Adam M. Hare, Neha G. Gaddam, Haolin Shi, Jesus F. Acevedo, R. Ann Word, Maria E. Florian-Rodriguez

Research output: Contribution to journalArticlepeer-review

Abstract

Objective: Cellular senescence, associated with aging, leads to impaired tissue regeneration. We hypothesize that vaginal injury initiates cell senescence, further propagated during aging resulting in pelvic organ prolapse (POP). Our objective was to employ a mouse model of POP (Fibulin-5 knockout mice, Fbln5-/-) to determine if vaginal distention leads to cellular senescence and POP. Methods: 6wk old females [wild-type (WT), n = 81; Fbln5-/-, n = 47)] were assigned to control vs vaginal distention, which approximated vaginal delivery.
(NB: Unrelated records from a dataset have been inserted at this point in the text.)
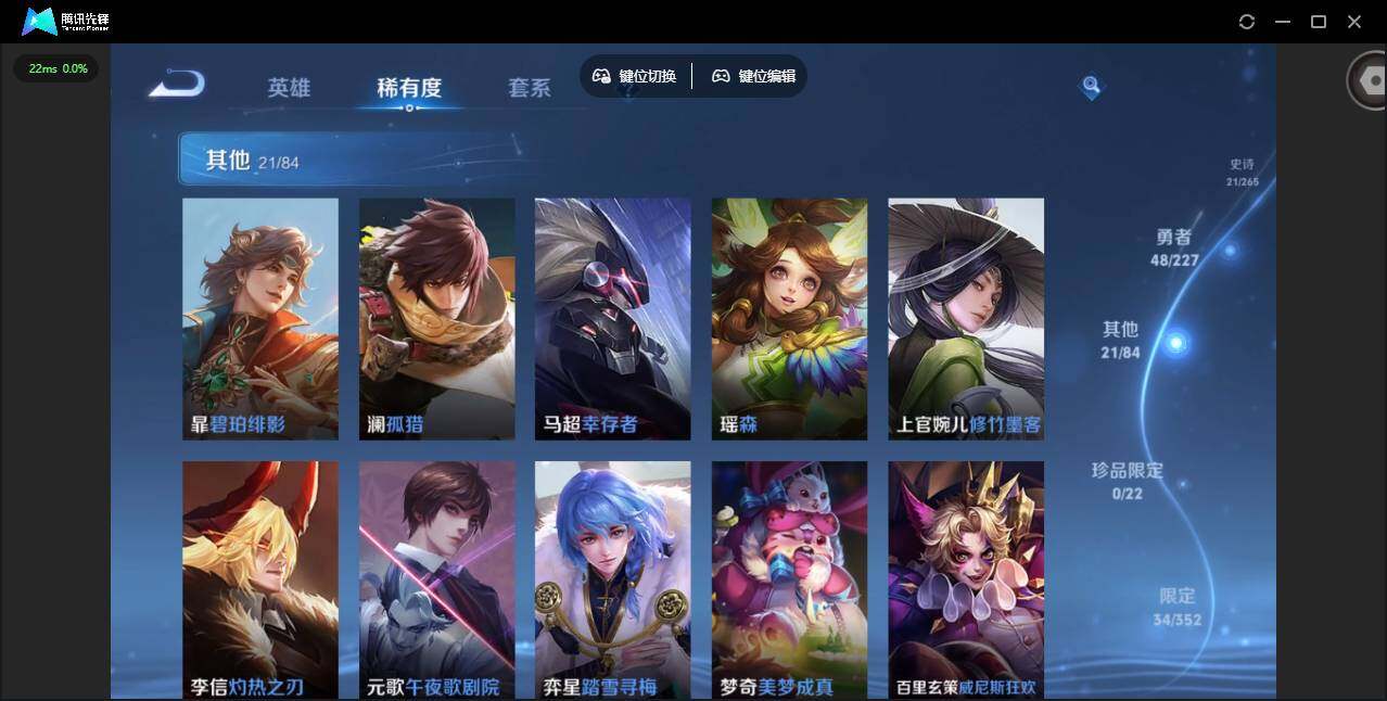 实名: 可修改 贵族等级: V4 英雄数: 100 皮肤数: 93 荣耀水晶: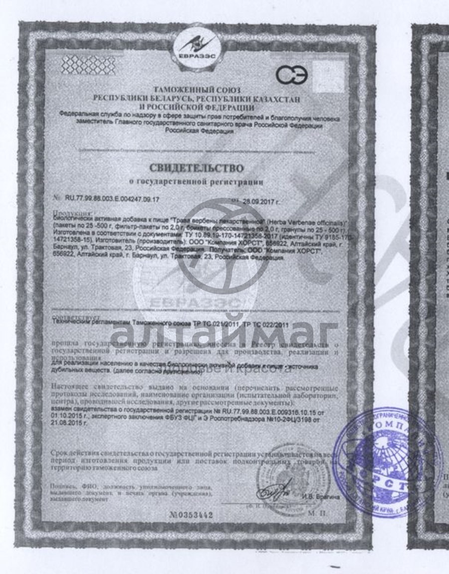 Есть вопросы по товару "Вербена лекарственная трава, Хорст 50г "?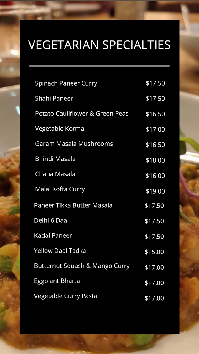 The menu offers a diverse selection of traditional Indian dishes with a focus on Punjabi and North Indian cuisine, suitable for casual dining, takeout, or bar service. It is structured to include signature dishes, seafood specialties, red meat specialties, and desserts, providing options for various meal preferences throughout the day.
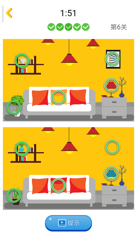 第6关答案:墙上的装饰物和白色的碗、枕头、地上的盆栽、柜子上台灯的颜色;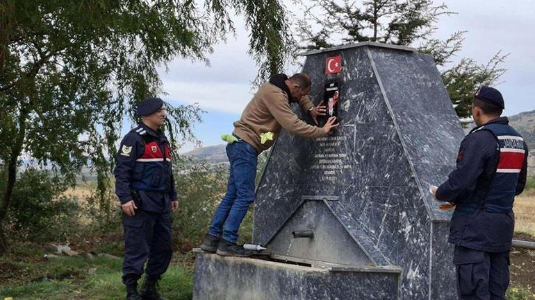 Eskişehir’de, şehit Jandarma Uzman Çavuş Tarkan Karaca (24) adına yaptırılan hayrat çeşmesindeki Türk bayrağı ve şehidin fotoğrafı kimliği belirsiz kişi ya da kişilerce yerinden sökülerek tahrip edildi. Konuyla ilgili Eskişehir Cumhuriyet Başsavcılığı soruşturma başlattı.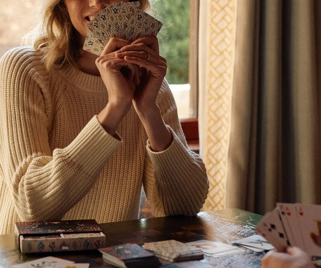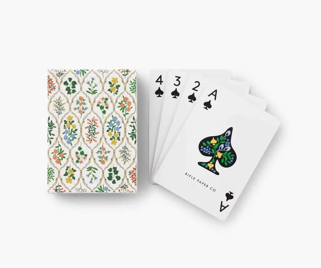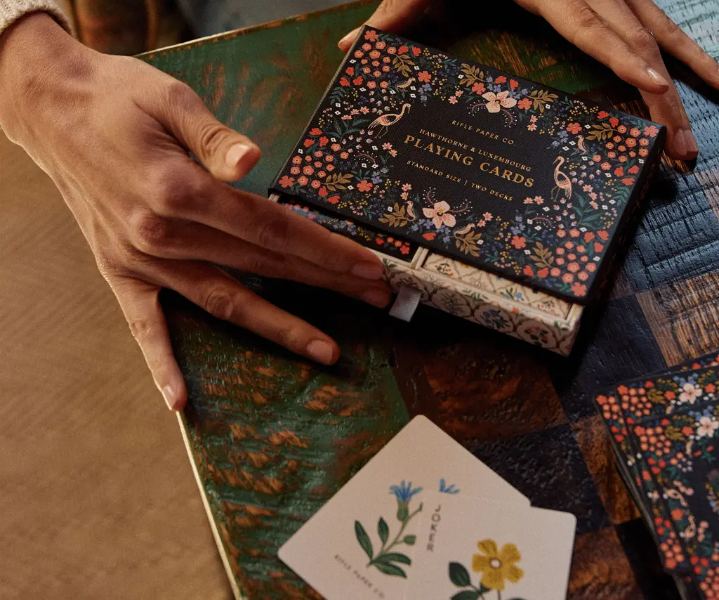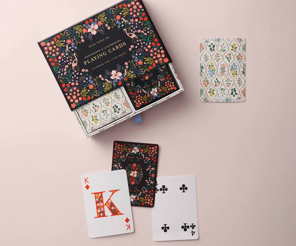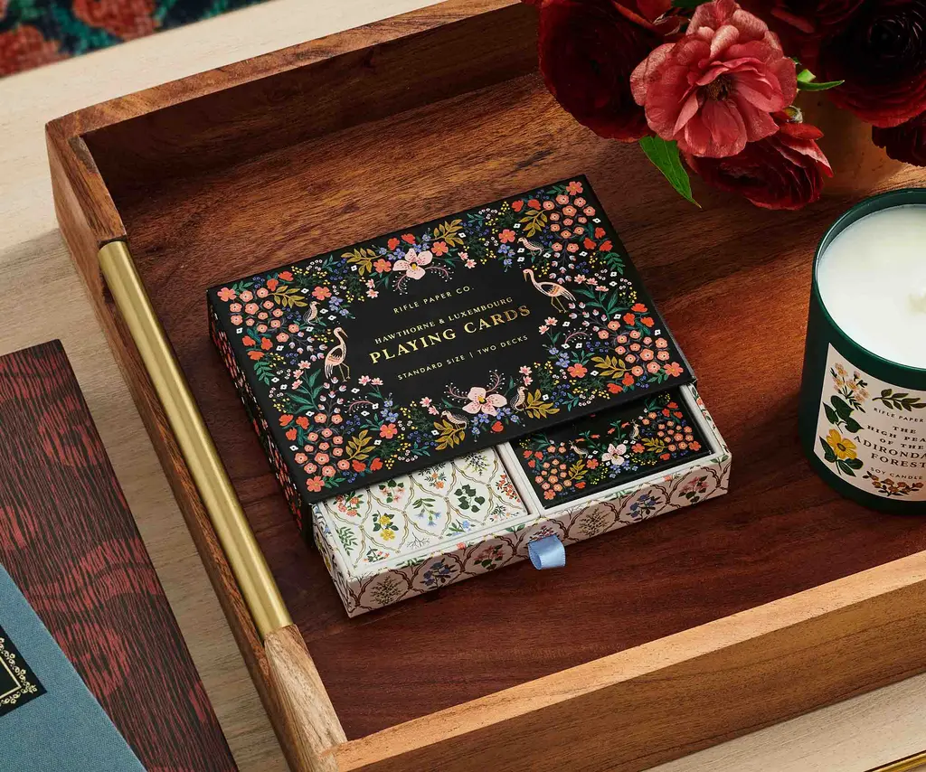 A set of two standard playing card decks in a decorative keepsake box with gold foil and a ribbon pull tab. All cards feature full-color illustrations with added decoration on all face cards and jokers. The decks include 56 standard cards, and are produced by the United States Playing Card Company.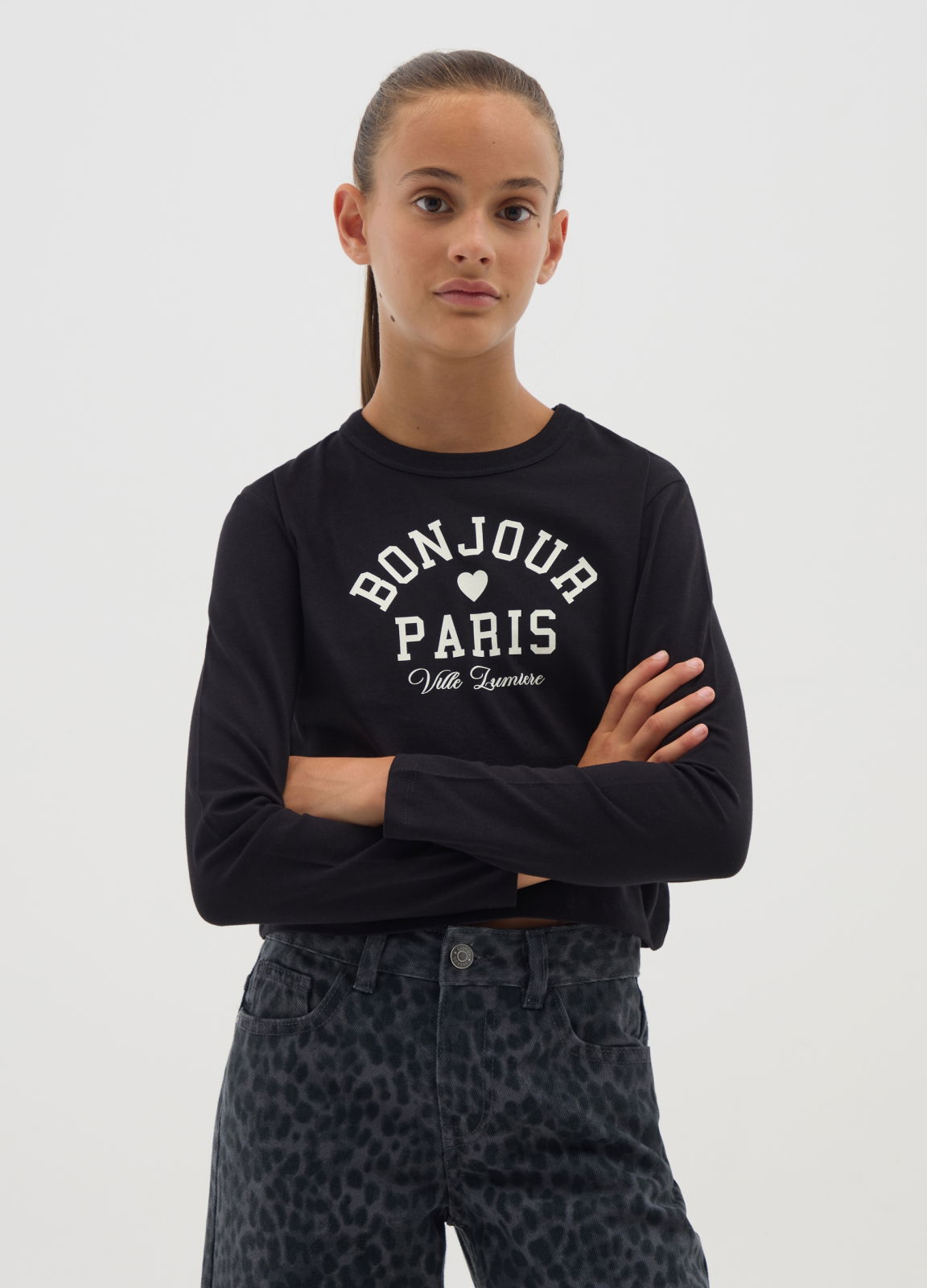 Характеристики: Черный топ с длинным рукавом из линии OVS Kids для девочек 10-15 лет. Из чистого хлопка, с веселым принтом спереди, добавляющим нотку игривости образу. Круглый вырез и обычный крой делают его идеальным для повседневного и непринужденного наряда.

Serial POP measurements were obtained until vagina were harvested from euthanized mice at 24, 48, 72 h and 1wk. Markers of cell senescence were quantified by immunofluorescence. DNA damage was assessed with γ-H2Ax. Results: WT distended mice showed decreased p53 (p = 0.0230) and γ-H2Ax (p = 0.0008) in vaginal stromal cells at 1wk compared to controls. In WT mice, SA-β-Gal activity increased 1wk after distention (p = 0.05). In Fbln5-/- mice, p53 and γ-H2Ax did not decrease, but p16 decreased 72 h after distention (p = 0.0150). SA-β-Gal activity also increased in Fbln5-/-, but at earlier time points and 1wk after distention (p < 0.0001). Fbln5-/- mice developed POP after distention earlier than non distended animals (p = 0.0135). Conclusions: Vaginal distention downregulates p53 and γ-H2Ax in WT mice, thereby promoting cell proliferation 1wk after injury. This was absent among Fbln5-/- distention mice suggesting they do not escape senescence. These findings indicate a failure of cellular protection from senescence in animals predisposed to POP.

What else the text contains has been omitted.